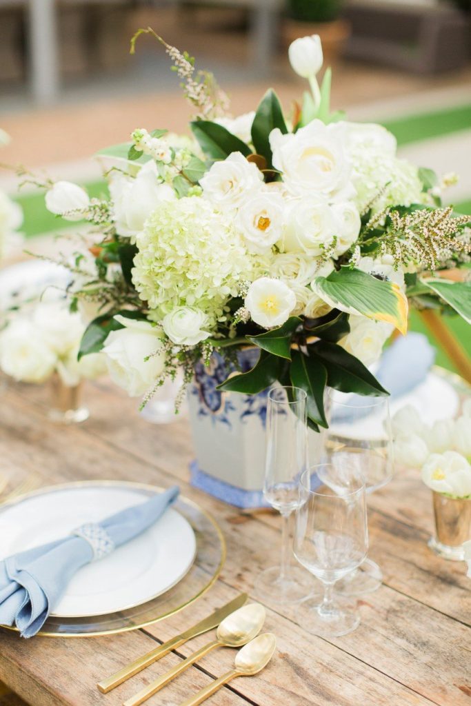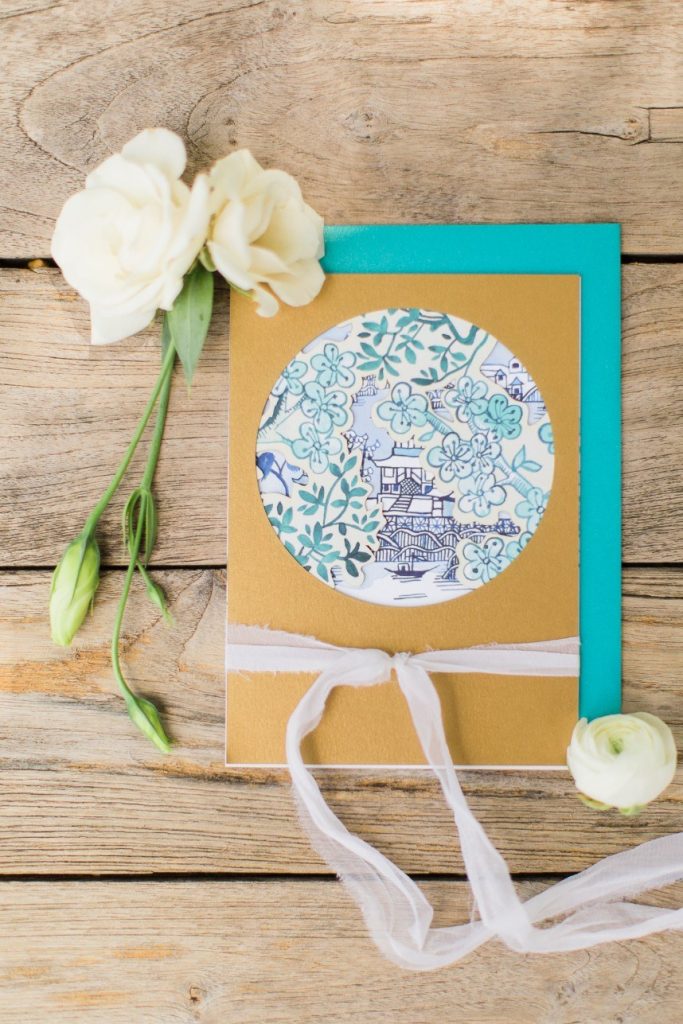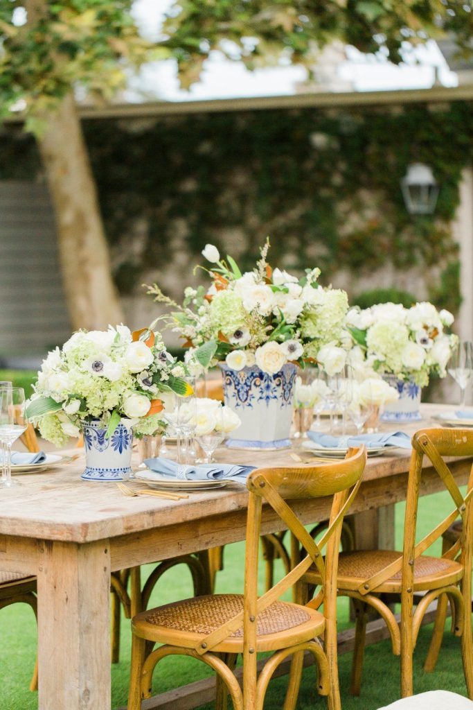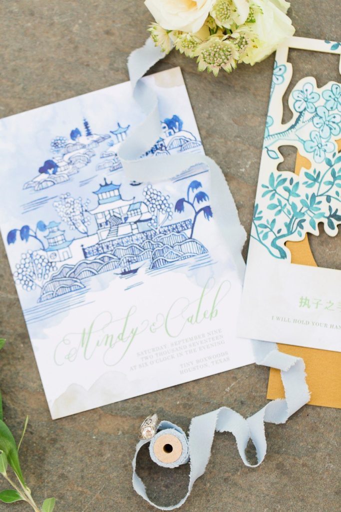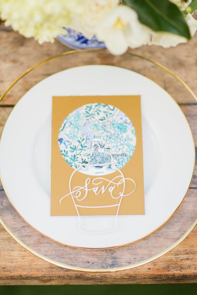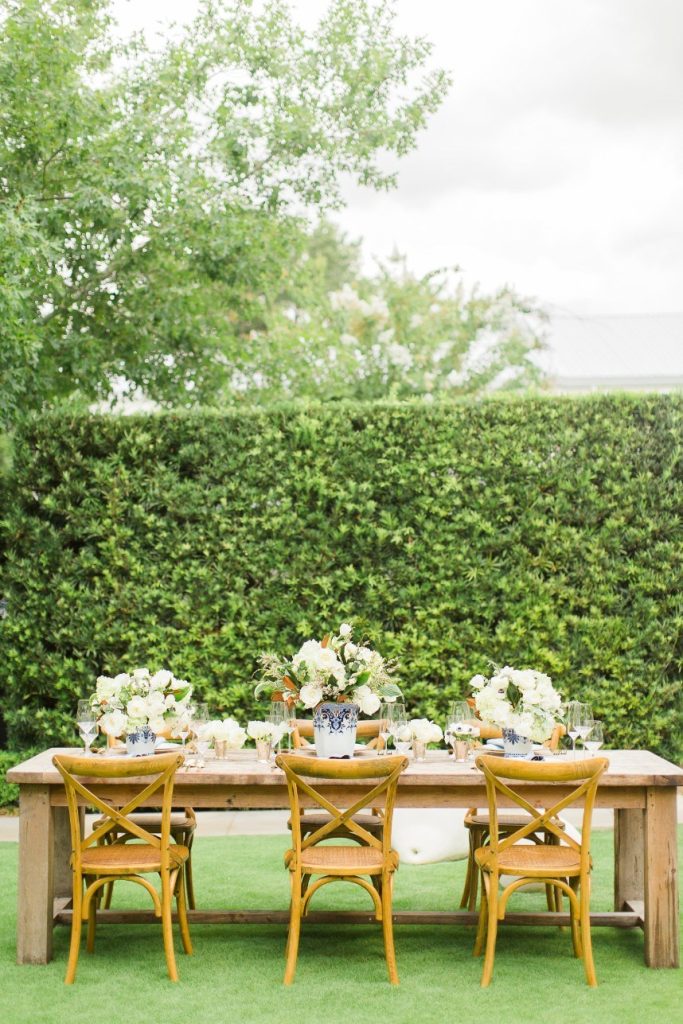 We’ve seen chinoiserie – a classic blue and white pattern – make its way into several celebrations this year, and this garden chinoiserie styled shoot works just beautifully with it as the theme! Dreamed up by Sava Sipe of Houston wedding planners Two Be Wed, this quaint scene gives a fresh, modern twist to the timeless blue pattern, pairing it with bright ivory blooms and lively greens from Lanson B. Jones Floral. Keeping with the color scheme, the model groom wore a dapper blue suit, while the bride donned a gown with a classic silhouette, paired with fresh, natural hair and makeup by Hey Lovely. A weathered farmhouse table and wooden chairs were juxtaposed against the china pattern to help the whole scene feel approachable and fresh. We’re especially obsessed with the stationery and how it carries the pattern so eloquently from the invitation suite to the place cards – the laser-cut detailing is such a thoughtful detail! With plenty of dark and light blue touches, like the tufted ceremony seating and linens bringing texture to the scene, this garden chinoiserie shoot has everything we could want and more. Cheers!
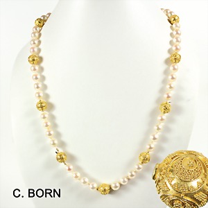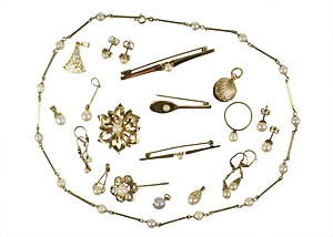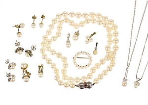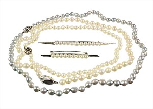 Lot: 2 Akoja-Perlenketten und 2 Nadeln, WG 585/000: 1 Kette (grau), D = 7,3-8,0 mm, L = 60,0 cm; 1 Kette, D = 7,5-8,0 mm, L = 51,0 cm; 2 Nadeln, L = 82,0 u. 113,6 mm; 1 Kette, WG 333/000, D = 6,0-6,5 mm, L = 40,5 mm, Ketten mit schönem Lüster !! Diverse Ersatzperlen !
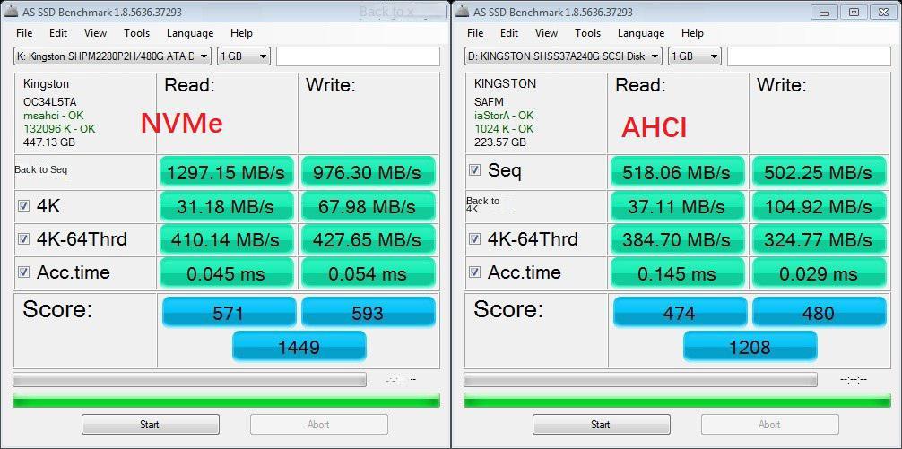AS SSD Benchmark to determine if the hard drive is NVMe or AHCI protocol. A comparison of two M.2 interface SSDs without protocols is shown in the picture:
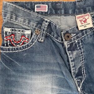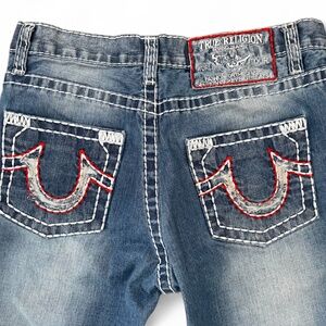 Iconic Y2K True Religion Mickey Big T Jeans Wide Stitching Low Rise Sz 32
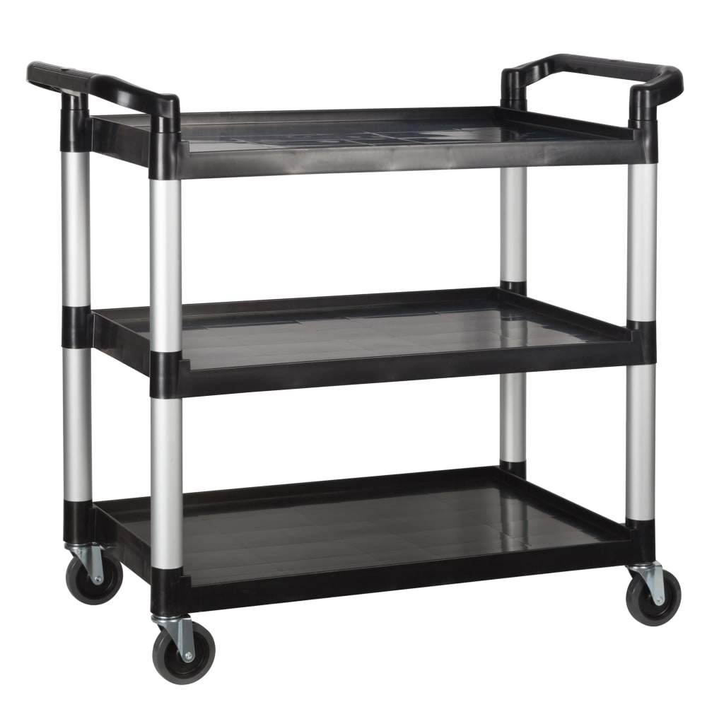 Utility Cart, 3-tier, 40-3/4″W x 19-1/2″D x 37-3/8″H, 400 lb capacity, plastic, black, KD
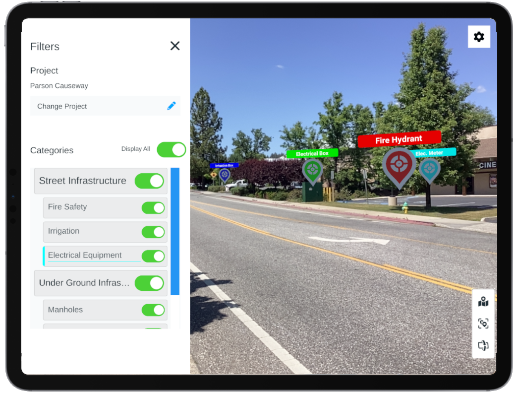 Field users access the data using AR Mavericks iOS app Tagis Mobile. When they start the app, it uses GPS to determine their geo-location and then contacts the Tagisphere cloud server. The server searches the database for any published geotags that are near their location. The mobile app then shows the user the nearby AR geotags.
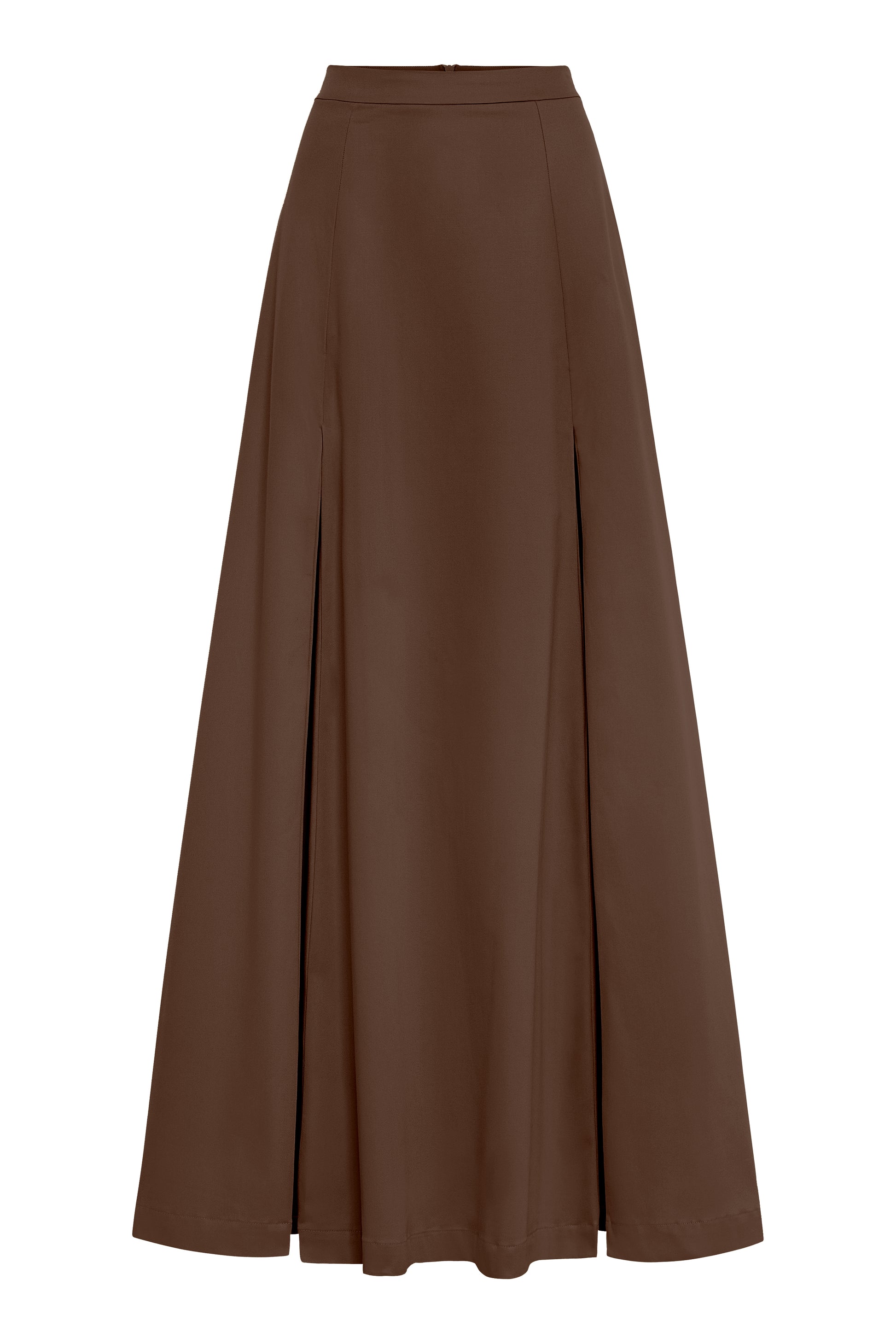The Gables Skirt is a structured, high-waisted maxi with a timeless silhouette. Two front slits bring a modern edge to its classic design, creating a look that feels both fresh and refined. Designed with side pockets and a back zip closure for a seamless fit.
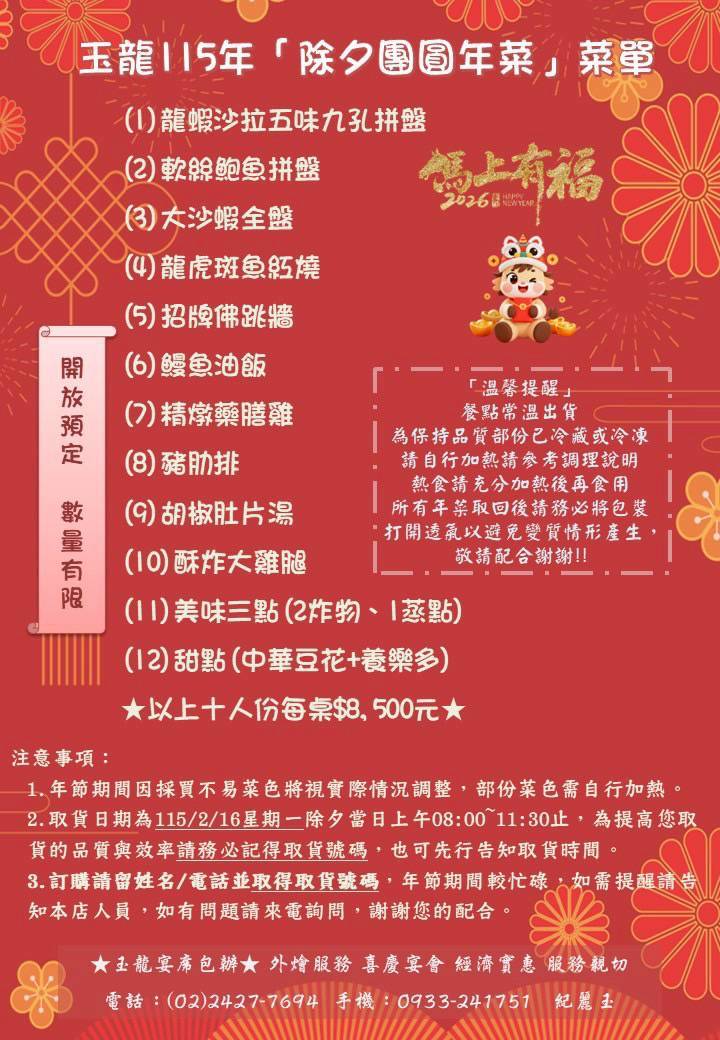 2026基隆年菜餐廳|玉龍宴席包辦
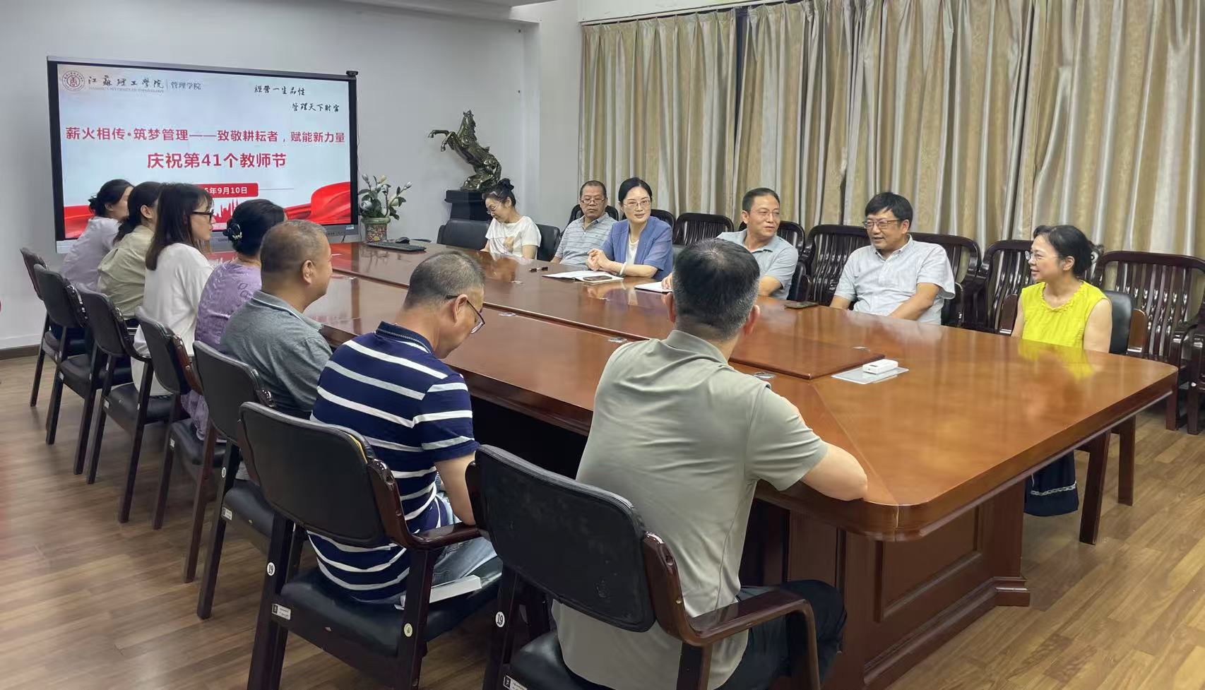 秋高气爽,桃李芬芳。9月10日下午,管理学院在2号楼211会议室召开“薪火相传・筑梦管理——致敬耕耘者,赋能新力量”庆祝第41个教师节主题座谈会。学院党委书记谢芳、副院长(主持工作)袁奋强、从教满30年教师及新入职青年教师共同参会。座谈会由谢芳书记主持。
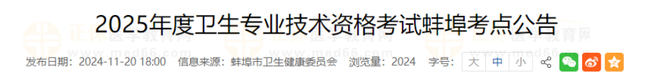2025年度衛(wèi)生專業(yè)技術資格考試蚌埠考點公告公布啦!醫(yī)學教育網整理具體內容如下:
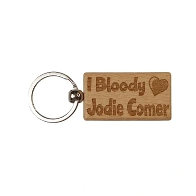 Decalarama Jodie Comer Keyring Gift - I Bloody Love - Cute Engraved Wooden Key Fob Fun Novelty Nice Custom Present
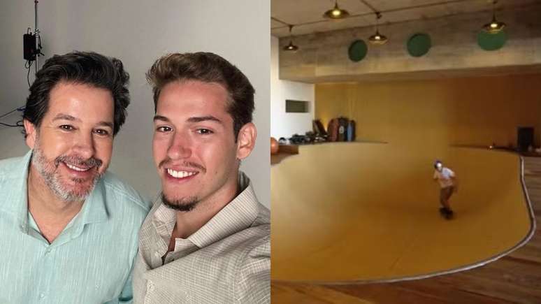 Pietro, filho de Murilo Benício, compartilhou um momento inusitado nas redes, onde brinca em uma pista de skate dentro da casa do pai.
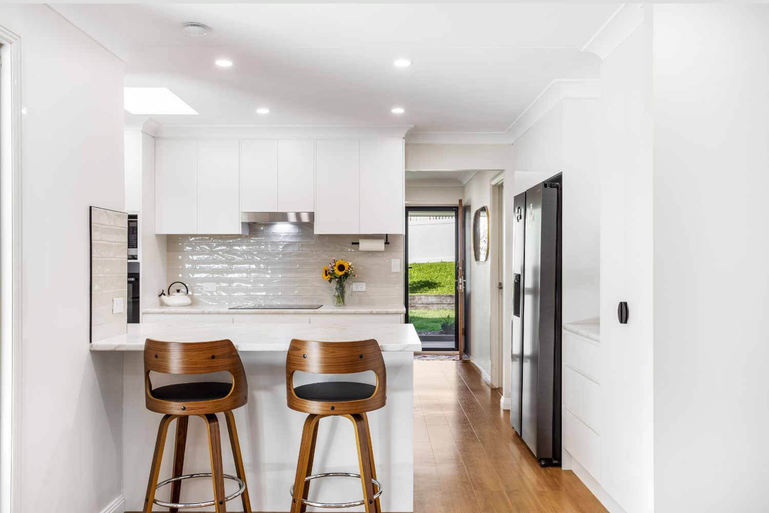 The palette centres on Melamine Classic White Matt cabinetry, chosen for its crisp yet soft appearance. Paired with bevel handleless joinery, the cabinetry reads as smooth and uninterrupted, allowing the room to feel more expansive.
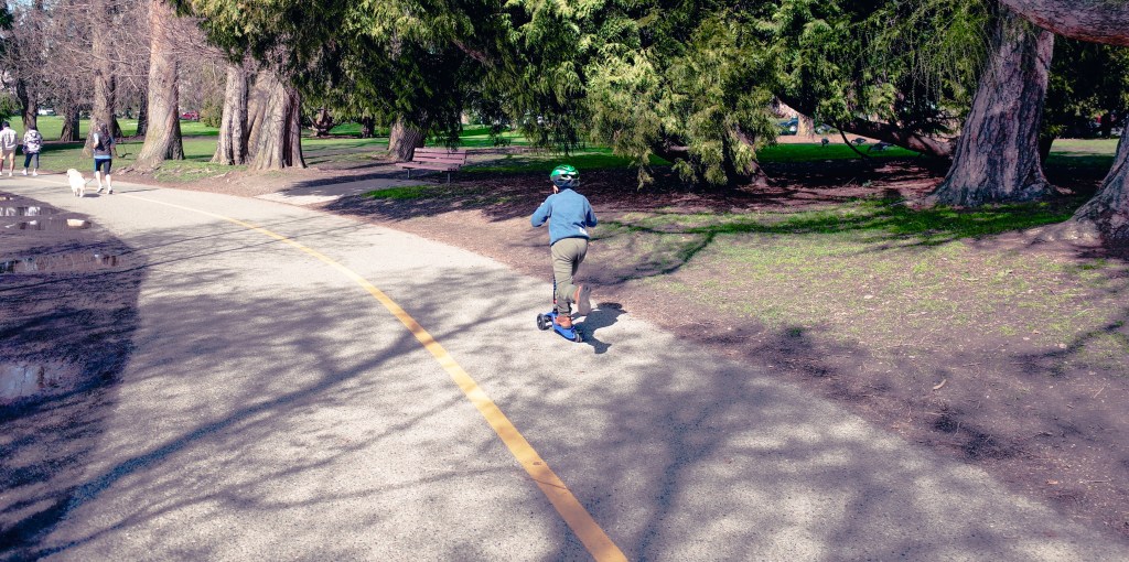 The 3.0 mile track is flat and allows O to follow us along in our walks while H and O continue their Pokemon Go! journey.

++++

▶ [Problem to solve]
Please make an exact copy of the records, leaving out any picture.

▶ [Solution to this problem]
 We’ve seen chinoiserie – a classic blue and white pattern – make its way into several celebrations this year, and this garden chinoiserie styled shoot works just beautifully with it as the theme! Dreamed up by Sava Sipe of Houston wedding planners Two Be Wed, this quaint scene gives a fresh, modern twist to the timeless blue pattern, pairing it with bright ivory blooms and lively greens from Lanson B. Jones Floral. Keeping with the color scheme, the model groom wore a dapper blue suit, while the bride donned a gown with a classic silhouette, paired with fresh, natural hair and makeup by Hey Lovely. A weathered farmhouse table and wooden chairs were juxtaposed against the china pattern to help the whole scene feel approachable and fresh. We’re especially obsessed with the stationery and how it carries the pattern so eloquently from the invitation suite to the place cards – the laser-cut detailing is such a thoughtful detail! With plenty of dark and light blue touches, like the tufted ceremony seating and linens bringing texture to the scene, this garden chinoiserie shoot has everything we could want and more. Cheers!
 Lot: 2 Akoja-Perlenketten und 2 Nadeln, WG 585/000: 1 Kette (grau), D = 7,3-8,0 mm, L = 60,0 cm; 1 Kette, D = 7,5-8,0 mm, L = 51,0 cm; 2 Nadeln, L = 82,0 u. 113,6 mm; 1 Kette, WG 333/000, D = 6,0-6,5 mm, L = 40,5 mm, Ketten mit schönem Lüster !! Diverse Ersatzperlen !
AS SSD Benchmark to determine if the hard drive is NVMe or AHCI protocol. A comparison of two M.2 interface SSDs without protocols is shown in the picture:
 Iconic Y2K True Religion Mickey Big T Jeans Wide Stitching Low Rise Sz 32
 Utility Cart, 3-tier, 40-3/4″W x 19-1/2″D x 37-3/8″H, 400 lb capacity, plastic, black, KD
 Field users access the data using AR Mavericks iOS app Tagis Mobile. When they start the app, it uses GPS to determine their geo-location and then contacts the Tagisphere cloud server. The server searches the database for any published geotags that are near their location. The mobile app then shows the user the nearby AR geotags.
The Gables Skirt is a structured, high-waisted maxi with a timeless silhouette. Two front slits bring a modern edge to its classic design, creating a look that feels both fresh and refined. Designed with side pockets and a back zip closure for a seamless fit.
 2026基隆年菜餐廳|玉龍宴席包辦
 秋高气爽,桃李芬芳。9月10日下午,管理学院在2号楼211会议室召开“薪火相传・筑梦管理——致敬耕耘者,赋能新力量”庆祝第41个教师节主题座谈会。学院党委书记谢芳、副院长(主持工作)袁奋强、从教满30年教师及新入职青年教师共同参会。座谈会由谢芳书记主持。
2025年度衛(wèi)生專業(yè)技術資格考試蚌埠考點公告公布啦!醫(yī)學教育網整理具體內容如下:
 Decalarama Jodie Comer Keyring Gift - I Bloody Love - Cute Engraved Wooden Key Fob Fun Novelty Nice Custom Present
 Pietro, filho de Murilo Benício, compartilhou um momento inusitado nas redes, onde brinca em uma pista de skate dentro da casa do pai.
 The palette centres on Melamine Classic White Matt cabinetry, chosen for its crisp yet soft appearance. Paired with bevel handleless joinery, the cabinetry reads as smooth and uninterrupted, allowing the room to feel more expansive.
 The 3.0 mile track is flat and allows O to follow us along in our walks while H and O continue their Pokemon Go! journey.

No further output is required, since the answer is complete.